Slovenia on Saturday said it was confident its newly-adopted action plan would stabilize public finances and lead to an economic recovery, a day after international ratings agency Fitch downgraded the crisis-hit country by one notch.
"The consolidation of public finances will follow the objectives that have been clearly set. We will efficiently carry out all the necessary measures drawn in its stability and reform programs," Slovenia's finance ministry said in a statement in response to the downgrade.
"Once the banks' capital adequacy is reached and companies' debts are cleared we expect a stable macroeconomic environment that will lead to economic recovery already in 2014," it added.
Fitch on Friday cut the nation's main debt rating to 'BBB+' from A-, with a negative outlook, saying Slovenia's "macroeconomic and fiscal outlook has deteriorated significantly".
"The agency now forecasts a 2.0 percent contraction in real GDP in 2013 and a decline of 0.3 percent in 2014, when Slovenia is expected to be one of only two eurozone economies to contract," Fitch said.
Slovenia has been widely tipped as the next country to require a bailout from the European Union and International Monetary Fund, and the ratings downgrade could substantially raise the cost of borrowing for Ljubljana.
The Slovenian government earlier this month adopted an action plan to bolster the economy and underpin its troubled banking system, including through privatizations, tax increases and austerity measures.
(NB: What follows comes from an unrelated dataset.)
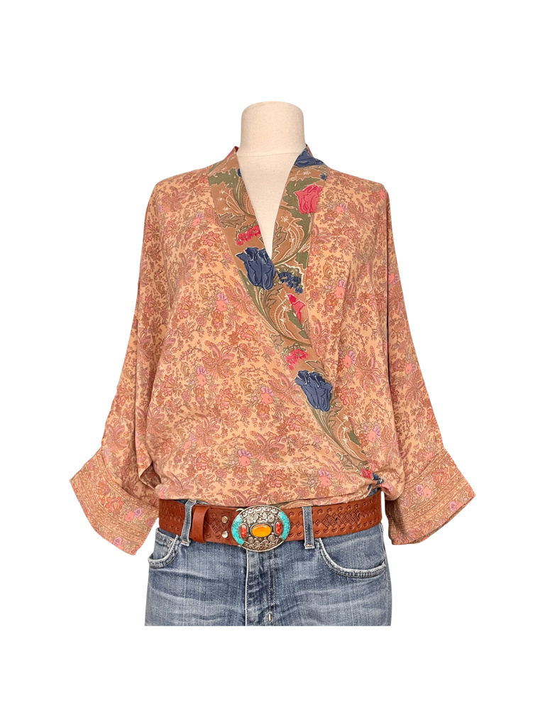 It's generous with 3/4 batwing sleeves hemmed with a lapel. It is collarless, and the neckline is held in place by a single button so that the two sides can be crossed.

But the European Commission in Brussels warned this week that Slovenia may not have done enough to dispel fears it could become the eurozone's sixth bailout case.
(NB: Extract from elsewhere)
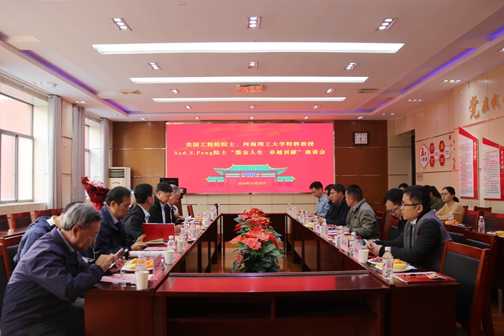 本网讯(通讯员 赵佳 姬培鑫 楚克明)10月28日,美国工程院院士、河南理工大学特聘教授彭赐灯“墨金人生 卓越贡献”座谈会在能源学院201会议室举行。原副校长周英、能源学院全体院领导和相关教师代表近30人出席座谈会,座谈会由该院副院长李东印主持。
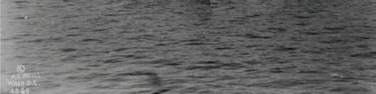 USS R-7 Submarine, launched in 1919, on maneuvers with Palos Verdes Hills in the background. (photo courtesy of Joe McKinzie)

Last month, Moody's downgraded Slovenia by two notches to junk status, with a negative outlook.
Slovenian Prime Minister Alenka Bratusek said in an interview on Saturday that the government was considering legal procedures against Moody's for having announced the downgrade during an issue of dollar-denominated bonds that had to be interrupted for 48 hours.
"No rating agency should be allowed to do what they (Moody's) did," Bratusek told the daily Vecer, adding: "They hampered without any justification the issue of Slovenian state bonds."